To avoid the worst impacts of climate change, the scale of climate finance needed to support action is massive, estimated in the trillions globally. In fact, USD 4.3 trillion is needed a year by 2030. This figure is predicted to jump to USD 10 trillion each year from 2031 to 2050 if warming continues.

The story is no different for Africa. According to the UNFCC, developing countries alone require at least USD 6 trillion to implement their National Determined Commitments (NDCs), not to mention the costs in loss and damages as a result of climate change. Climate-induced events in Africa have increased steadily from a low of 40 in 2014 to 55 in 2023. Over the last 3 decades, loss and damage from climate change in Africa has been over USD18 billion. In 2023 alone, the continent lost 16 000 lives to climate change and experienced USD 8 billion in damages. The cost of response is expected to exceed $2.3 trillion between 2020 – 2030.

These facts underscore the urgent need to reform the global financial architecture to reflect today’s reality, make it more inclusive and effective. Efforts to streamline the financial landscape must seek to stabilise the international system and eliminate the frustrations that have hindered access by the most vulnerable countries. Not only should financial instruments be easy to access but they must accommodate the needs of all stakeholders and offer a level of predictability.

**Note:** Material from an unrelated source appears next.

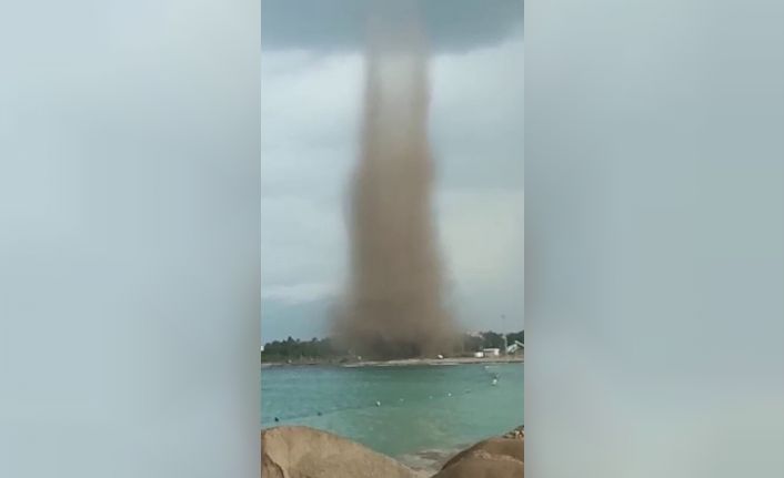 Sabah saatlerinde kıyıya yakın yerde oluşan hortum yaklaşık 15 dakika sürdü. Kıyıda kum ve denizden su çeken hortum cep telefonu kamerasıyla görüntülendi.

The 2023 Intergovernmental Panel on Climate Change (IPCC) report underscored the need for urgent systemwide transformations to secure a net-zero climate-resilient future. In its pursuit of sustainable development, Africa has a great opportunity to transition to a green economy on all fronts. For a region that heavily relies on agriculture, there is no doubt that heavy investment into smart agriculture is a priority, leveraging research and development and optimising the use of technology. The same efforts are also necessary to transform all other sectors.

While there has been notable increase in the amount of climate finance available, globally, the funding gap remains well below the scale required to facilitate significant momentum in action. Resource mobilisation has been challenging and disbursement has been slow. This is particularly true for developing nations that continue to face access and affordability challenges. To address some of the frustrations experienced, efforts must be made to ensure a non-monopolistic approach to climate finance to ensure a consistent flow of resources.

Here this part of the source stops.